Actor, painter, poet and, of late, playwright David Brendan Hopes moves through language with the sinewy, uninhibited grace of a double-jointed Rodney Yee protege. He dabbles in form with reckless abandon (here, a work of fiction; here, nature writing) and — enjoy verse or not — one thing can be said with certainty about Hopes’ newly published poetry tome: A Dream of Adonis (Pecan Grove Press, 2007) nimbly avoids the cliches, preciousness and cringe moments that generally plague poetry.
From the outset — from the cover, actually, which bears a Marc Chagall-like rendering of a man nude but for a blue scarf, flying across the moon astride a giant white goose — the book is unapologetic. The painting is Hopes’ work. This is his show in which he stars as himself. The poems are mostly love poems, many of the panting, lustful ilk, often directed toward hot young guys (”… anything but this gilt steel boy with honey curls”). Hence the Adonis tribute.
Adonis, the Greek god of desire and manly good looks, is a complex character. He also presides over spring and vegetation and all things verdant and regenerating. But the double-edged sword of birth, youthful vigor and gold-tinged good looks is death and mourning. In the case of mythological Adonis, untimely death at the tusks of a wild boar.

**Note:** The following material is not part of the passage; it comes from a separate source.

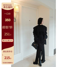 Basic House/百家好黑色金丝绒西装外套女2026春季新款V领小西服

In the case of Hopes’ book, the knowledge of one’s own mortality and metaphoric autumn.
“‘Van Morrison doesn’t sing so well after all’ / says one boy to another at the bar./ A man moving toward his prime / would never think such a thought,” Hopes writes. Beauty, the book suggests, is best appreciated by those who have aged beyond their own physical charms.
There are inklings of other poetry collections: Irish poet Paul Durcan‘s A Snail in my Prime and Walt Whitman’s Song of Myself. Art, memory, love and loss are hardly new themes in verse, but Hopes (like Durcan and Whitman) tackles them with such ferocious, unabashed honesty that they breathe new life into age-old grapplings.
Adonis, set between New York, the Blue Ridge mountains and rain-damp, romantic locales dotting the Irish landscape, offers a lush backdrop for the dream-scape of words and emotions Hopes dashes across the page. Some poems are tightly personal, others throw themselves open to the reader. Spiritual musings are flushed with lust, grave sites prove not an end but a linking of generations, geographic borders aren’t hard-drawn lines in the sand, but mere suggestions of what has been and what’s to come.
— Alli Marshall, A&E reporter
Ali– Thanks! It’s lovely
. . . except the “aged beyond one’s own physical charms” part. . . I don’t know. . .
“This is his show in which he stars as himself.”
…Certainly no surprise there.
Maybe this will be another Pulitzer Prize nominee.